First find the line with "تحلیل آزمون 13" in the entries below, then set down exactly every line through the line with "[02:17.99] | /只因我坚信 这歌声已传到你的耳畔 |", that line included.

═════ Records shown

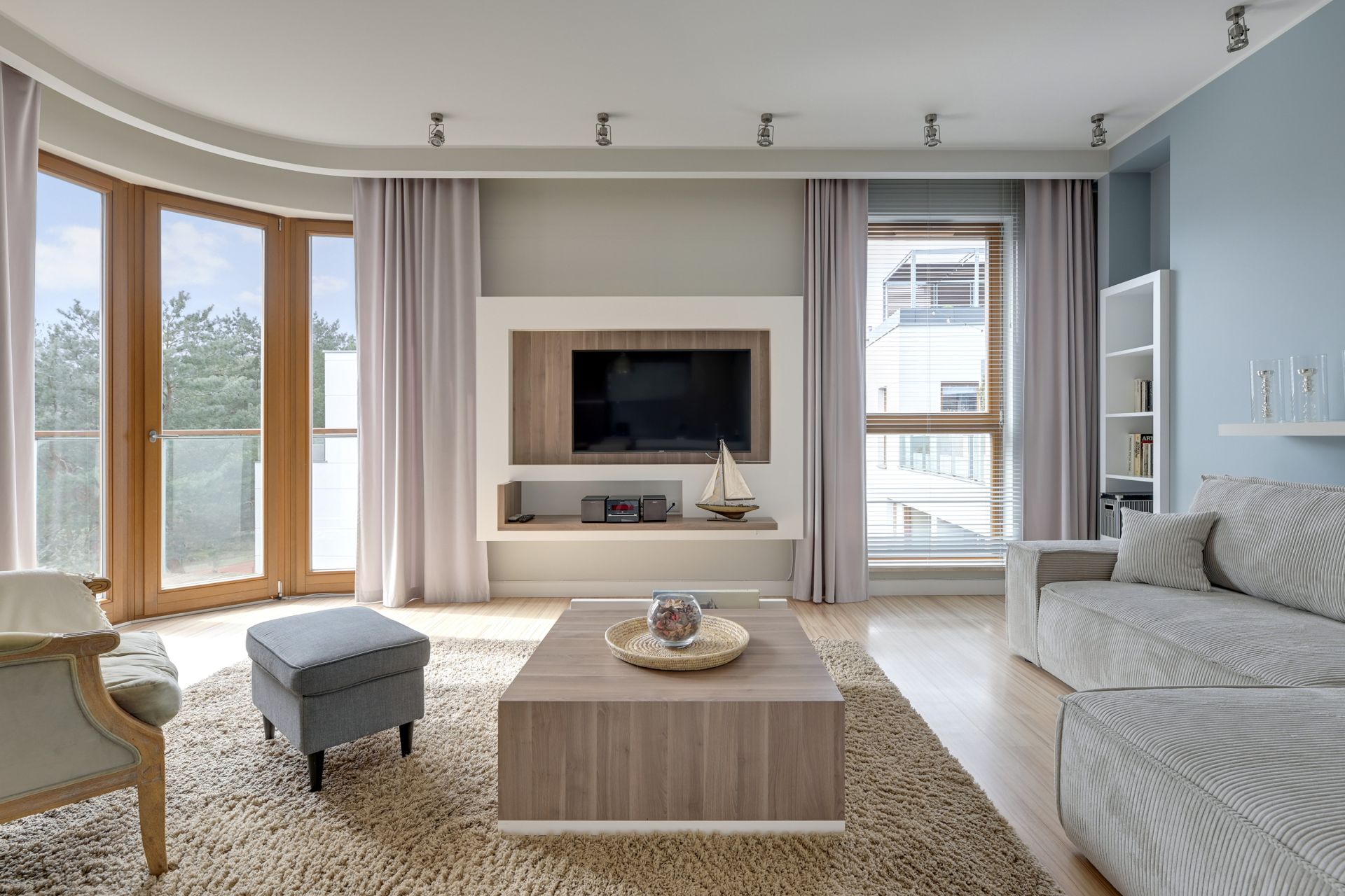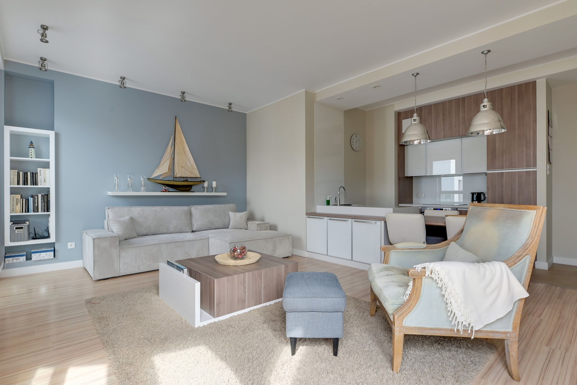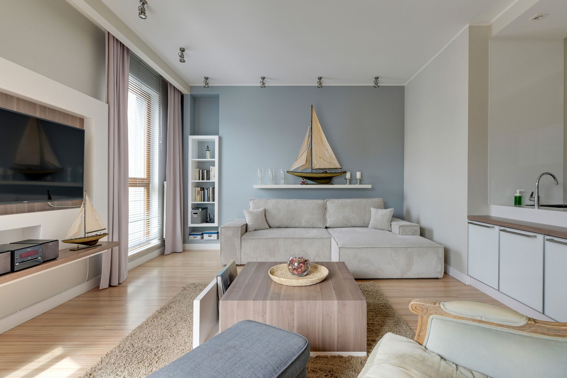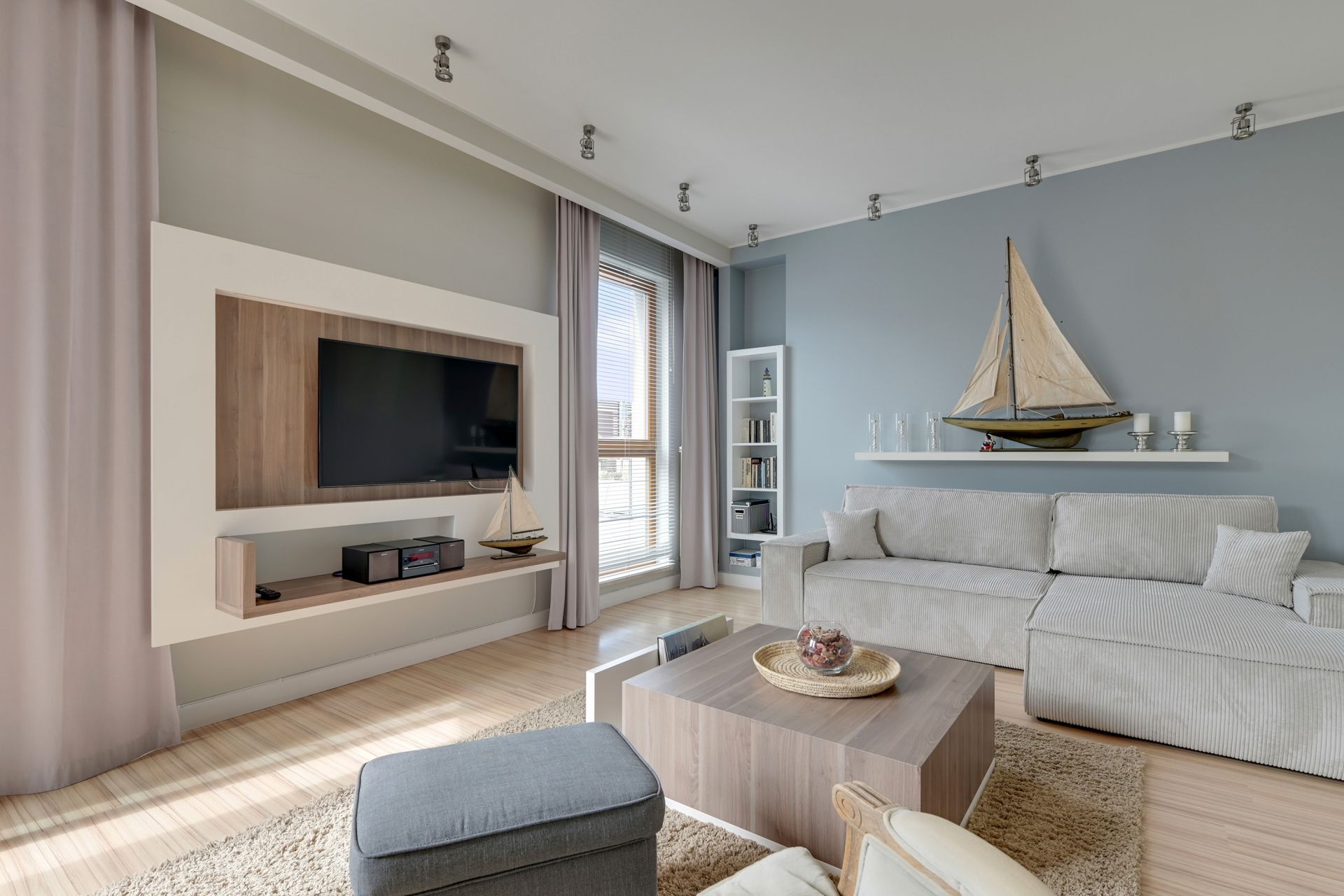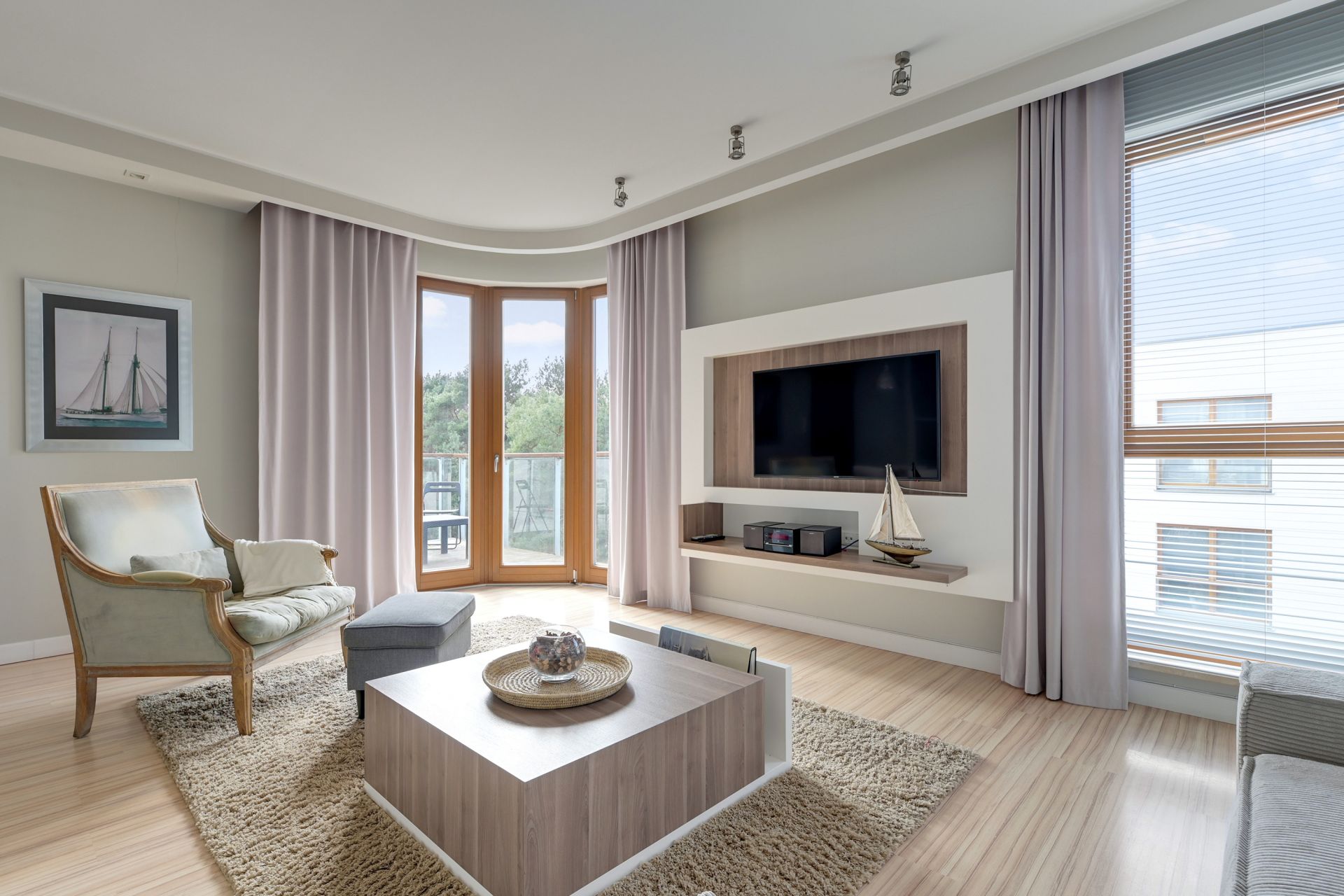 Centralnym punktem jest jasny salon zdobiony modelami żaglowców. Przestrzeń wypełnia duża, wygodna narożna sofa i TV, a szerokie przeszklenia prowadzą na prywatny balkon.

══════════
═════ Records shown

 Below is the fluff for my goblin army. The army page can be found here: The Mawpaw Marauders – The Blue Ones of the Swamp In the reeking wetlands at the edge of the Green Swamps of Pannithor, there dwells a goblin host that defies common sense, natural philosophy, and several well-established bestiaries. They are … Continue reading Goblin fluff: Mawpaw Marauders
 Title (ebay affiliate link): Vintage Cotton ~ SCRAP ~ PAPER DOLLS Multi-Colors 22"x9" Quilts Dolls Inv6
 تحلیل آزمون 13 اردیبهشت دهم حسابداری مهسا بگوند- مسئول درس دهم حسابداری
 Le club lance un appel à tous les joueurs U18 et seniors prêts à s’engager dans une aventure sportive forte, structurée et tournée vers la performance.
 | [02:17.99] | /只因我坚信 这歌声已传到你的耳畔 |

══════════

> **Expected answer**
 تحلیل آزمون 13 اردیبهشت دهم حسابداری مهسا بگوند- مسئول درس دهم حسابداری
 Le club lance un appel à tous les joueurs U18 et seniors prêts à s’engager dans une aventure sportive forte, structurée et tournée vers la performance.
 | [02:17.99] | /只因我坚信 这歌声已传到你的耳畔 |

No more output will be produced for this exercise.